40 years ago today, Black Sabbath began their first tour with Ronnie James Dio fronting the band rather than Ozzy Osbourne.

The problems started when Black Sabbath settled in to begin the process of making a follow up to their 1978 album Never Say Die! “Trying to write this stuff, it was hard, but what made it next to impossible was that Ozzy wasn’t into it,” recalled Tony Iommi in his autobiography, Iron Man. “He was on another planet. We’d try and motivate him, saying, ‘Any ideas?’ ‘No, I can’t think of anything. And then he’d pass out on the couch. It was frustrating, because it was going on and on and we were getting nowhere.”

When Warner Brothers asked about the status of the album, Iommi was forced to lie through his teeth and assure the label that things were going great and that the tracks were sounding good. Neither statement was true.

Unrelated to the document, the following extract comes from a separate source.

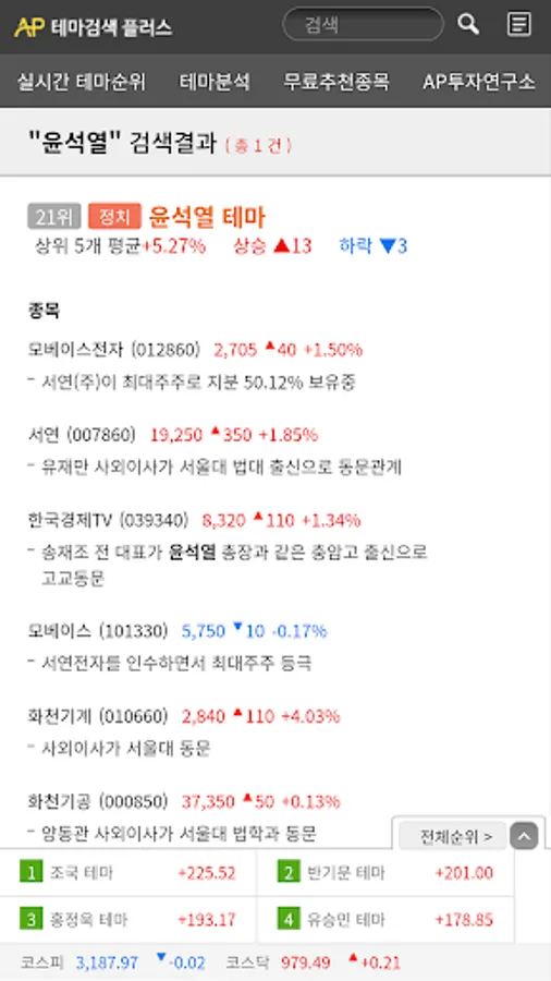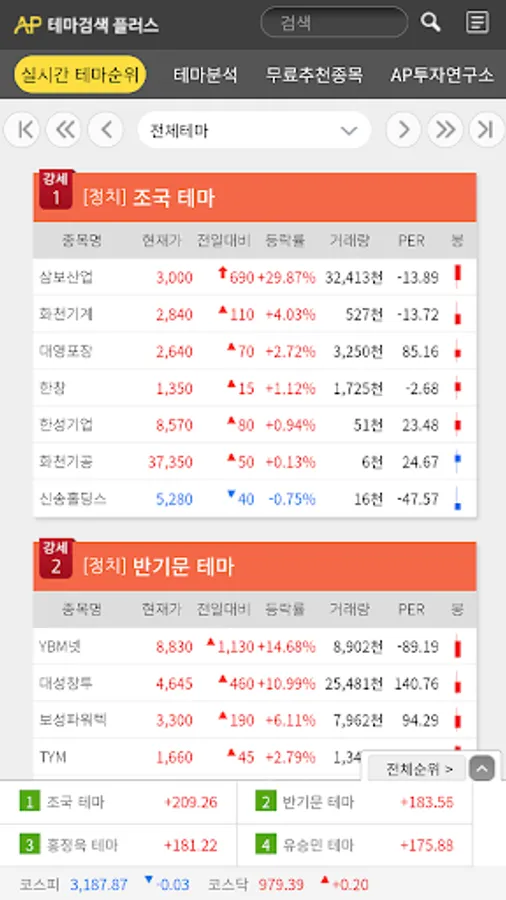 AP Theme Search Plus automatically selects a list of the theme mains moving in the market and shows the market-leading bullish themes in real time.

“I think Ozzy just lost interest in it all,” wrote Iommi. “We had about three ideas down, musically, but we didn’t know where to go next without Ozzy’s input. We’d write a song, and then he’d go, ‘I don’t want to sing on it.’ He sang a bit on ‘Children of the Sea,’ and then he sort of fizzled away. It finally got to a point where we said, ‘If Ozzy can’t do it, we’re going to have to either break up or we are going to have to bring somebody else in.’”

As history reveals, Ozzy couldn’t do it. As such, Bill Ward went to him and said, “We’re going to have to move on.”

Ironically, the solution to Black Sabbath’s problem was technically suggested by the future wife of the man who was about to get the boot from the band: Sharon Levy, soon to be Sharon Osbourne, introduced Iommi to Ronnie James Dio at a party, suggesting that the two should do a project together outside of Black Sabbath. Instead, Iommi just invited him to replace Ozzy.

It took some time for Sabbath to get into the groove with Dio, but by the following year, the band had released a new album – HEAVEN & HELL – and were hitting the road. In the end, the partnership between Dio and Sabbath wasn’t destined to a seriously long-term situation, but they did release a couple of solid studio albums together as well as a live album, and a few years later they’d reunite to do another album: 1992’s DEHUMANIZER.